Winning the War They Want to Forget

COMMENTARY Asia

Winning the War They Want to Forget

Sep 9, 2012 2 min read
COMMENTARY BY
James Jay Carafano

Senior Counselor to the President and E.W. Richardson Fellow

James Jay Carafano is a leading expert in national security and foreign policy challenges.

"You're fired."

No, we're not talking Donald Trump. We're talking Afghan President Hamid Karzai, who has been slicing and dicing his national security team with gusto. On Aug. 28, he dismissed his national intelligence chief. Earlier that month, he'd dumped the defense and interior ministers.

Karzai has scant time to pull a new team together. Combat forces from the United States and other countries are headed for the exits. The plan is for the Afghan army and police forces to keep the Taliban, al Qaeda and all their buddies at bay.

Certainly that's the right aspiration. Clint Eastwood was right when he told an empty chair not to copy the Russians. But America's plan was never to mimic the Soviet scheme of creating a conquered client state. Our goal always was to leave a place where communities could protect themselves, secure their own future, and deny haven to terrorists who might threaten them and us. That is how Americans are supposed to walk away from war.

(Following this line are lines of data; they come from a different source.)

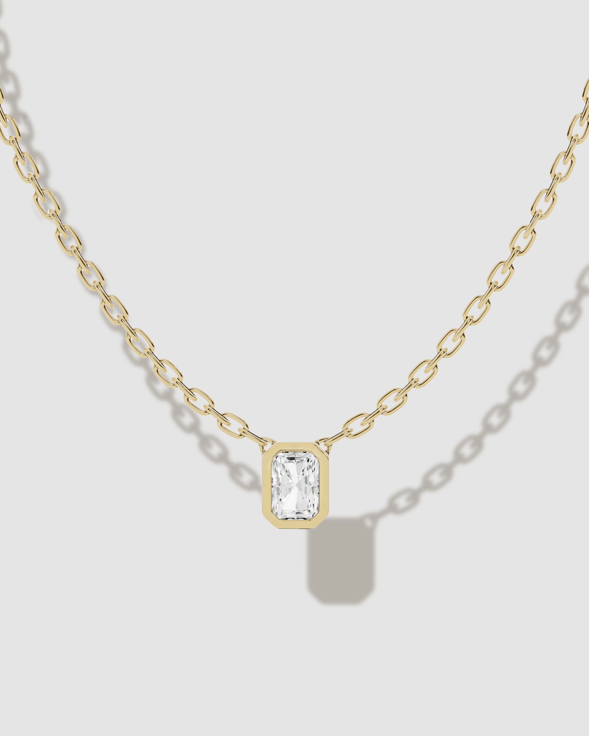 The Radiant Cut Vertical Solitaire Pendant is a not-so-subtle statement necklace that exudes sophistication. This bright and clear 0.50ct or 1.50ct lab diamond pendant is set in 18k Yellow Gold and will add a hit of sparkle to any look.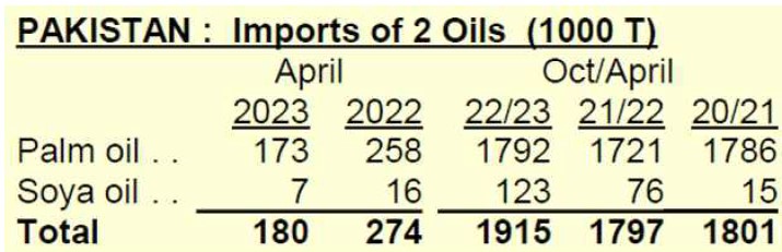4월 soya oil 수입량은 7,000톤으로 또한 적었으며, 국내 soya oil 생산량의 심각한 감소로 문제가 되고 있습니다. 유전자 조작 oilseed 수입 면허 발급에 관하여 아직 해결되지 않은 문제로 인해 파키스탄의 soybean 수입은 최근 정지 상태에 이르렀습니다. 이는 올해 지금까지 파키스탄 soybean 가공업자 들에게 심각한 타격을 가져왔음.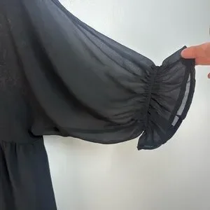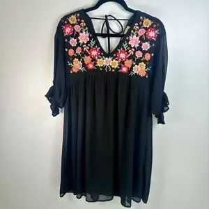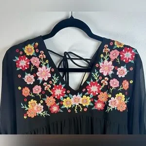 Savanna Jane Black Dress with Pink and Red Floral Embroidery Boho Midi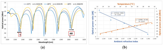 When both the ambient RI and the temperature change simultaneously, the transmission spectra are affected by both parameters. The measured response of the proposed sensor under these conditions is shown in Figure 6. It can be seen that when the temperature change is applied, the interference dips shift toward shorter wavelengths. On the other hand, when the ambient RI of the liquid is increased, the interference dips move toward longer wavelengths (see Figure 6a). It is noticeable that optical power for the dips varies as well, thus one can monitor the sensor response as optical power for dip change or as the optical power ratio between two interference dips. However, taking into account the ambient RI behavior of the transmission spectra of the DRLPG, one can monitor the response of the sensor as the optical power ratio of the two interference dips (λ = 1542 nm and λ = 1590 nm), corresponding to the two notches of the DRLPG. The sensor response for a chosen wavelength is presented in Figure 6b. In this case, the maximum ambient RI sensitivity of 2375.8 dB/RIU and temperature sensitivity of 1.1 dBm/°C with respective fitting coefficient equal to 0.935 and 0.977 is obtained. The relatively high scattering of the measuring points of the dual-parameter sensor may be attributed to the fact that the response is measured as an optical power for the dip change instead of a wavelength shift and the interference and resonance peaks should overlap in the entire RI and temperature measuring range. In this case, as shown in Figure 5a (wavelength between 1530 and 1540 nm), the optical power for the dip varies. To reduce scattering, in the future, a DRLPG with greater distance between the two LPG notches will be used. Of course, since sensitivity depends on the length or the birefringence of the PM fiber, or both, a longer fiber or one with higher birefringence is required to obtain greater thermal sensitivity.

But Americans have grown increasingly frustrated -- understandably so -- over Afghan fractiousness and the still fragile state of security in the countryside. Sadly, it didn't have to be this way.

After announcing a "surge," President Obama gave commanders only half the troops they requested and half the time required to set the right conditions for a drawdown. Under the Pentagon's original plan, most of the coalition combat forces would have finished their job -- completely pushing the Taliban out of the southern and eastern parts of Afghanistan -- by 2014. But by going in small, starting to leave too soon and announcing the retreat in prime time, Obama helped set the stage for the current state of Afghan affairs.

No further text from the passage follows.